**EXERCISE DIRECTIONS**
Write out exactly the lines from the one containing "This heirloom clematis" to the end of the material, both ends included, and nothing else. Leave pictures out.

**COLLECTED MATERIAL**
****************************************

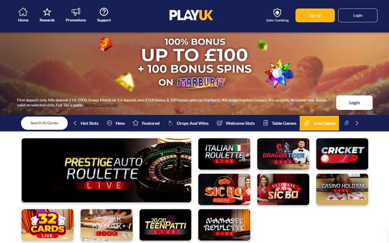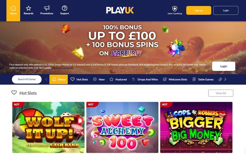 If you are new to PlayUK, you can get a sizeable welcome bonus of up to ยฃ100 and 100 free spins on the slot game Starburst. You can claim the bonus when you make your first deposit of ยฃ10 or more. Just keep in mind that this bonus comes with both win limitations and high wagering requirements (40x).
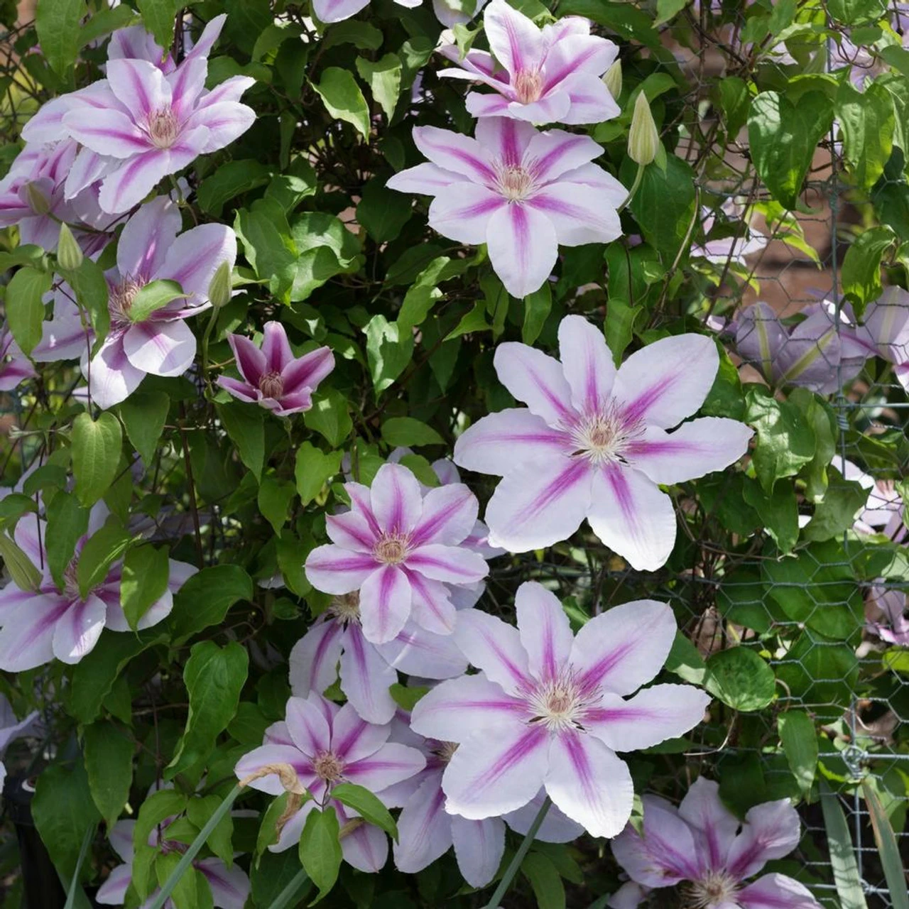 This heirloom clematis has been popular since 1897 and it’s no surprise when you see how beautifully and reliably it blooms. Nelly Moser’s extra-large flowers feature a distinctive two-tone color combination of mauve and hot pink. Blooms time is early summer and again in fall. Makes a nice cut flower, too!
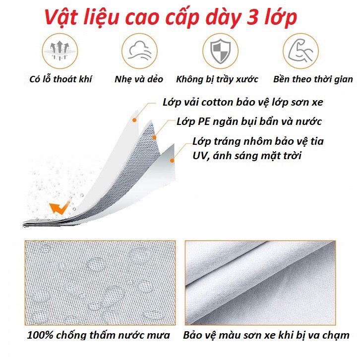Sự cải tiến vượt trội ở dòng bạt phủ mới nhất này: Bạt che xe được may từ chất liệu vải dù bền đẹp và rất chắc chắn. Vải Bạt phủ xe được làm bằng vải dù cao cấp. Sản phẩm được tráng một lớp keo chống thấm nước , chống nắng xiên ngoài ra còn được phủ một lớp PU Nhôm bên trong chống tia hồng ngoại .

****************************************

**EXERCISE OUTPUT**
 This heirloom clematis has been popular since 1897 and it’s no surprise when you see how beautifully and reliably it blooms. Nelly Moser’s extra-large flowers feature a distinctive two-tone color combination of mauve and hot pink. Blooms time is early summer and again in fall. Makes a nice cut flower, too!
Sự cải tiến vượt trội ở dòng bạt phủ mới nhất này: Bạt che xe được may từ chất liệu vải dù bền đẹp và rất chắc chắn. Vải Bạt phủ xe được làm bằng vải dù cao cấp. Sản phẩm được tráng một lớp keo chống thấm nước , chống nắng xiên ngoài ra còn được phủ một lớp PU Nhôm bên trong chống tia hồng ngoại .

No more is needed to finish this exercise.